Теперь я проснулся. Как жаль, ведь я уже засыпал и забыл, что это мне так нужно. Я должен снова стараться заснуть. Сколько усилий пропало зря. Я зевнул. Мне стало лень засыпать. Я вижу перед собой печку. В темноте она выглядит темно-зеленой. Я закрываю глаза. Но печку видеть продолжаю. Она совершенно темно-зеленая. И все предметы в комнате темно-зеленые. Глаза у меня закрыты, но я моргаю, не открывая глаз. „Человек продолжает моргать с закрытыми глазами, – думаю я. – Только спящий не моргает“. Я вижу свою комнату и вижу себя, лежащего на кровати. Я покрыт одеялом почти с головой. Едва только торчит лицо. В комнате всё серого тона. Это не цвет, это только схема цвета. Вещи загрунтованы для красок. Но краски сняты. Но эта скатерть на столе хоть и серая, а видно, что она на самом деле голубая. И этот карандаш хоть и серый, а на самом деле он желтый.
– Заснул, – слышу я голос».
На самом деле, предметом художественного изображения в приведенном отрывке является ситуативный парадокс. Рассказчик «Утра» пытается осознать процесс засыпания, но сам процесс этот, по своей сути, таков, что любое вмешательство со стороны сознания его разрушает. Герою удается почувствовать, что процесс засыпания связан с потерей пространством и временем своих исконных свойств: теперь время практически останавливается, а пространственные перемещения зависят не от расстояния и энергии, потраченной на преодоление расстояния, а от малейшего неосознанного желания. Мгновение – и герой уже стоит рядом с дворником за окном и объясняет ему свою главную проблему: колоссальные трудности с переводом хранящихся в душе ощущений и впечатлений на язык, понятный другим. А уже годом позже, в курской ссылке, в другом рассказе хармсовский повествователь будет мучительно искать нужное слово на букву «р», сочиняя десятки разных вариантов.

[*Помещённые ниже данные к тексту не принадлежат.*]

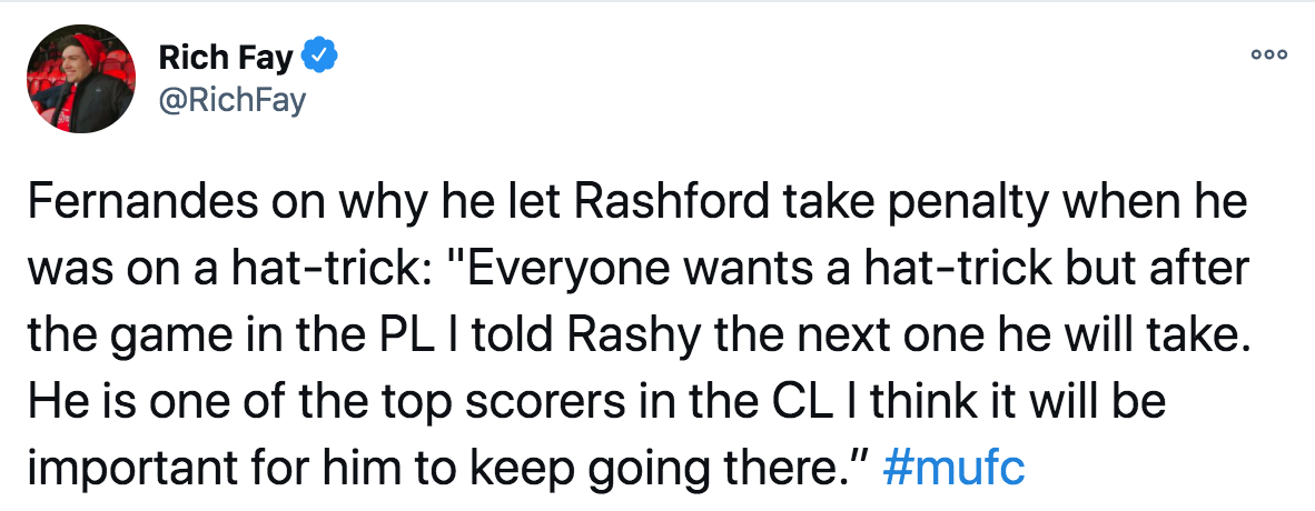 "모두가 해트트릭을 원하죠. 하지만 전 리그 경기를 한 후 다음은 너가 차라고 래쉬에게 말했습니다. 그는 챔피언스 리그에서 탑 스코어러 중 한 명이었고 저는 그 위치에 그가 계속 있는 것이 더 중요하다고 생각했습니다."
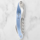 Dieser personalisierte Korkenzieher zeichnet sich durch einen modernen hellblauen, gebürsteten Metallhintergrund aus. Passen Sie es mit ihrem Namen in einem stilvollen schwarzen Handschriftenskript über eine weiße Monogramm-Initiale an.
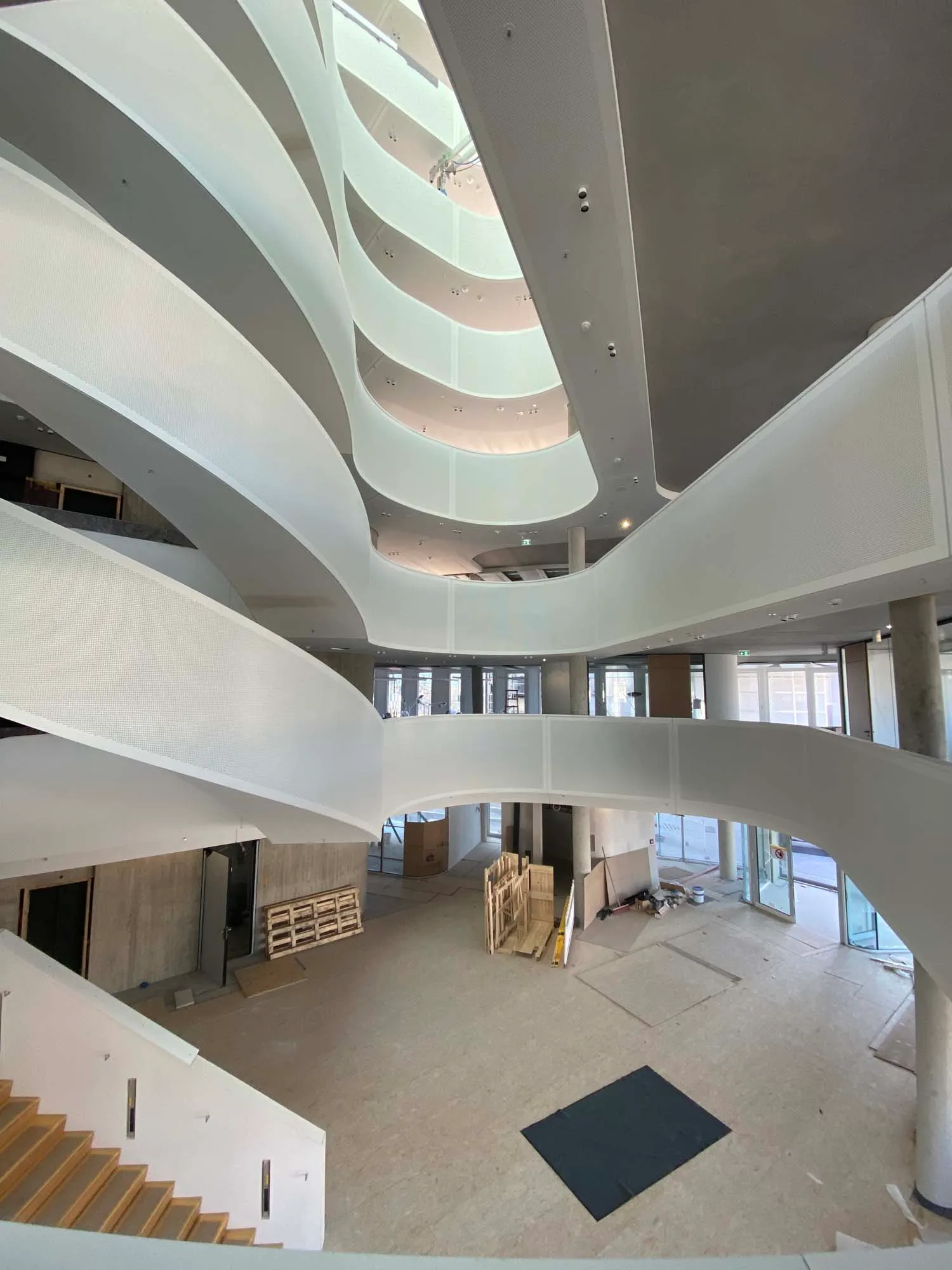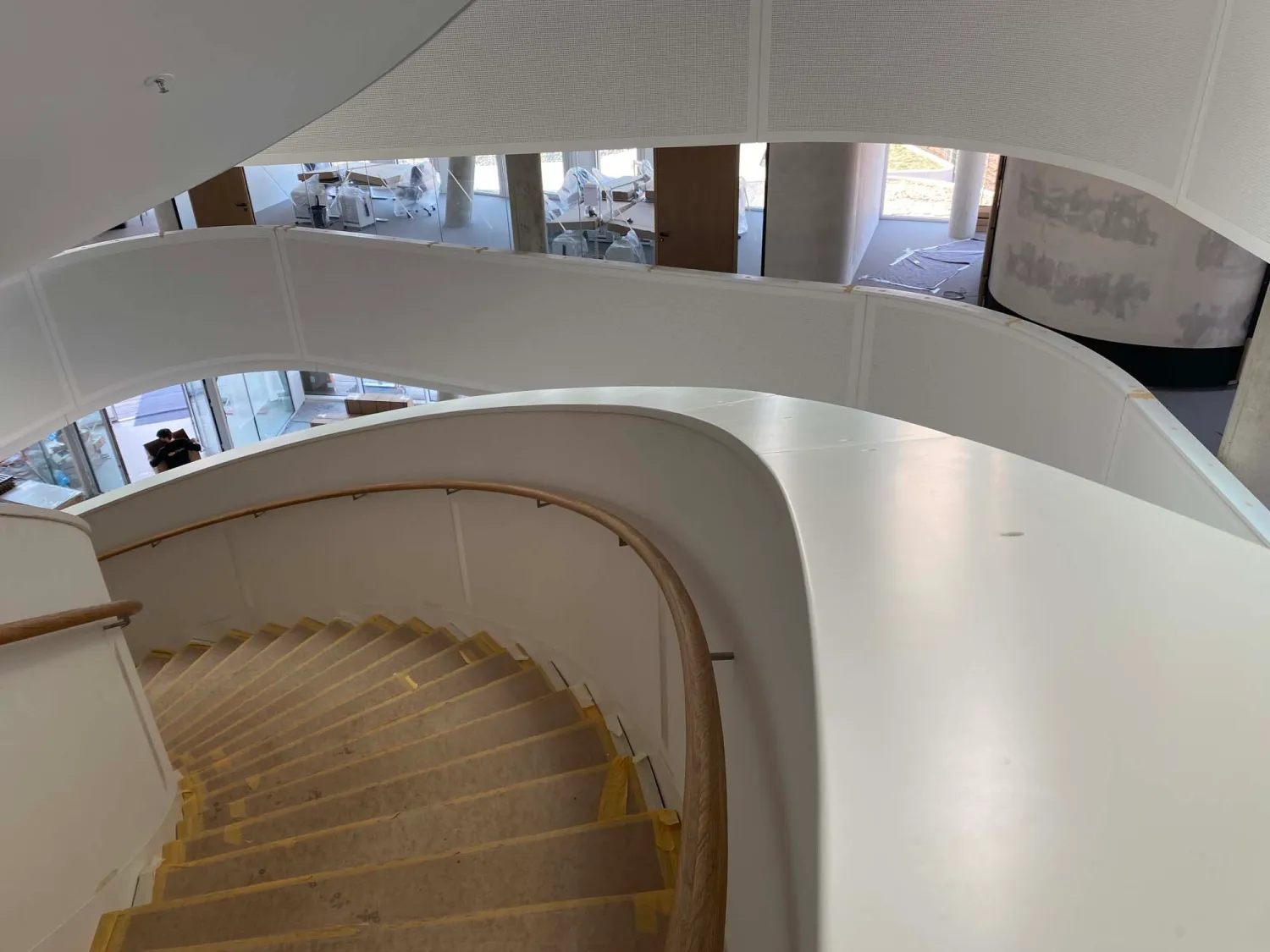 Brüstungselemente und Abdeckungen für den neuen Firmensitzes des Fassaden-Systemherstellers Schüco nach den Plänen des Architekturbüros 3XN aus Kopenhagen. Formatio fertigte die komplexen freitragenden Treppen und Atriumbrüstung. Die Herstellung basiert auf einem 3D Scan des gesamten Gebäudes, um ein genaues 3D-Modell zu erstellen. Die Produktion nutzte individuell programmierte Software Lösungen und neueste 5-Achs-CNC-Technologie, um die geschwungenen Linien der Architektenpläne und der gebauten Realität präzise umzusetzen.
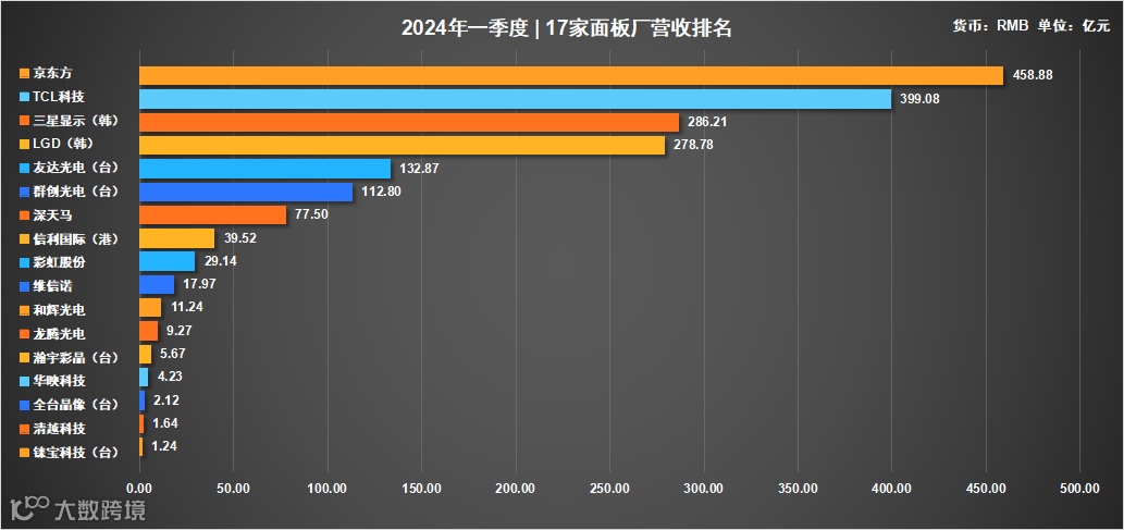此外,2024年第一季度营收破百亿的企业还有台湾的面板“双雄”-友达光电与群创光电。
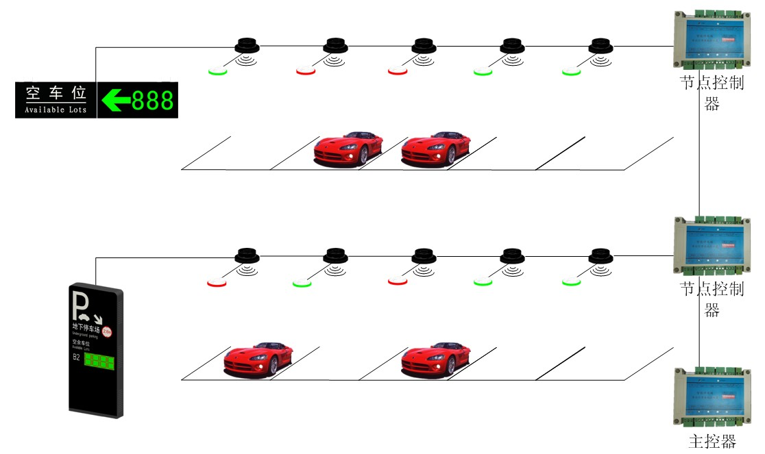为了实现停车场管理的高效率、低能耗、多收益的经营目标,实行停车场的信息化、智能化管理势在必行。为此,我们公司研发、生产了以超声波为检测手段的节能型车位引导系统。该系统创意巧妙,性能卓越,可以使泊车者及时了解到停车场内空余车位的实时信息,快速进入泊位,避免盲目驶入,提高交通道路利用率、缓解车辆拥堵、提高停车场的车位利用率,达到降低汽车能耗、减少废气排放、降低管理成本的目的。同时利用车位节能开关来控制车位灯,真正实现“车来灯亮、车走灯灭”,充分节省电能,减少费用支出等。
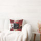 Modern script Merry & Bright red buffalo plaid Christmas photo pillow with space for 4 photos and your family name surrounded by a fun quilt pattern grid.
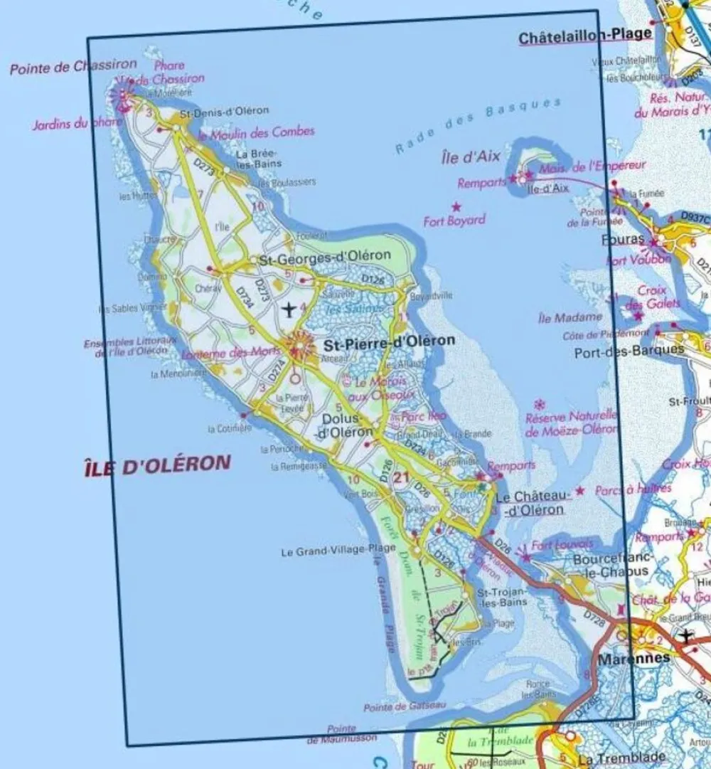 Steden/dorpen/bergen/gebieden: Île d’Oléron, Île d’Aix, Saint-Pierre-d’Oléron, Saint-Trojan-les-Bains, Le Château-d’Oléron
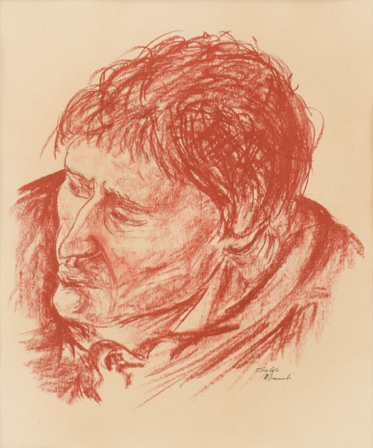 SALVO MANULI (Palermo) SANGUIGNA su carta "volto maschile" firmato in basso a destra. Datato 1976 Misure: cm 30 x 36
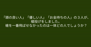 ”槍を一番飛ばせなかったのは一体どの人でしょうか?” これが解けない人は頭が硬いかも、、、? 今回ご紹介するのは脳トレクイズです。 問題 「頭の良い人」「優しい人」「お金持ちの人」の3人が、槍投げをしました。 槍を一番飛ばせなかったのは一体どの人でしょうか? Google ADVERTISEMENT Google あなたはわかりましたか? それでは答え合わせに行きましょう! Google 答えは、、、「優しい人」 ADVERTISEMENT 優しい人は「思いやり」があります。思いやりだけに、「重い槍」でしたので、遠くまで飛ばすことができませんでした。 ADVERTISEMENT Google あなたは間違えずに解けたでしょうか! Google [著作権者VONVON /無断コピー、無断転載および再配布禁止(違反時の法的措置) ADVERTISEMENT
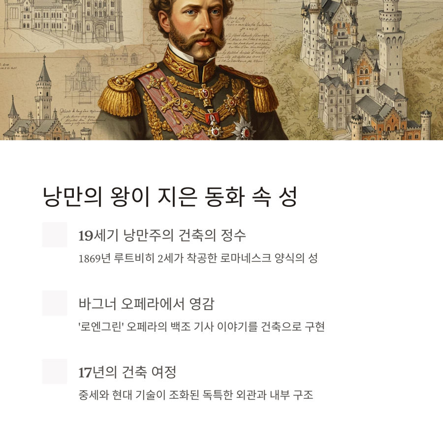 이 성은 바그너의 오페라에서 영감을 받아 지어진 것으로, 내부에는 바그너의 작품에 등장하는 장면들이 벽화로 그려져 있어요. 뛰어난 예술성과 역사적 가치로 인해 유네스코 세계문화유산으로 등재되었습니다.
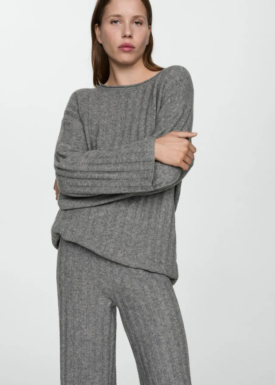 Dzianina o średniej grubości. Tkanina ze ściągaczowej dzianiny. Model długi. Model prosty. Elastyczny pas. Total look.
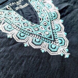 This navy 100% cotton tee from Talbots is in excellent used condition. No noted rips, holes, stains or areas of excess wear. Beautiful embroidery and a flattering 3/4 sleeve and side slits with a slightly longer length. Note this is a petite size, so check measurements in listing to see where it will hit you.
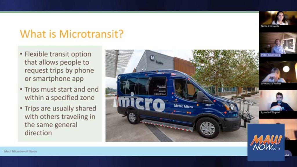 Initially recommended in a 2022 Maui Bus System study, microtransit is being studied further by County contractor Nelson Nygaard.
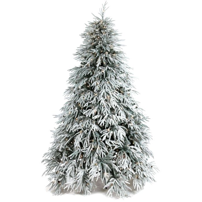 - Biegbare Nadelzweige in weiß, gefrorene Optik, mit echten Zapfen, LED Lichterkette warmweiß mit 600 Lichtern

В том же 1936 году Хармс, отвечая на предложение Друскина «написать о голом человеке: как он одевается, что ест, каких женщин любит», – снова вернулся к сну и пограничной ситуации засыпания: «Когда Вы это предложили, я подумал: голый человек ничего не хочет. Вот что я думал: существует ли вообще абсолютное желание или желание относительно? Засыпая, я чувствую, как постепенно нарушается порядок моих мыслей. Некоторое время я еще могу восстановить его, но затем появляются новые мысли, я уже не думаю, я вижу, и сам делаюсь участником каких-то непонятных, странных событий. Это приятное состояние. Мне не надо делать усилий, не надо говорить, ни думать, я нахожусь в стороне от всего. И самое главное: нет ощущения времени и скуки. Я чувствую себя вестником. Причем все это происходит со мной и для меня. Бывают сны, в которых сам как будто не участвуешь. Но даже и в таких снах ощущаешь большую связь с тем, что происходит, чем наяву. То же самое, что и при засыпании, было сегодня днем».
Примерно об этом же размышляет в это время в своих дневниках и Друскин. Это заставляет думать, что проблема языка как посредника между человеком и миром занимала и других «чинарей» и активно в то время ими обсуждалась. Предвосхищая идеи Уорфа и Витгенштейна, Друскин сравнивает систему языковых понятий с сеткой, которую человек накладывает на мир. Сетка способствует пониманию и дает возможность людям общаться друг с другом, но она же и становится препятствием к более глубокому пониманию мира. Необходимо создать новую сетку, чтобы увидеть мир по-новому. Такое понимание чрезвычайно близко к идеям, высказанным в декларации ОБЭРИУ, – о необходимости посмотреть на мир «голыми глазами».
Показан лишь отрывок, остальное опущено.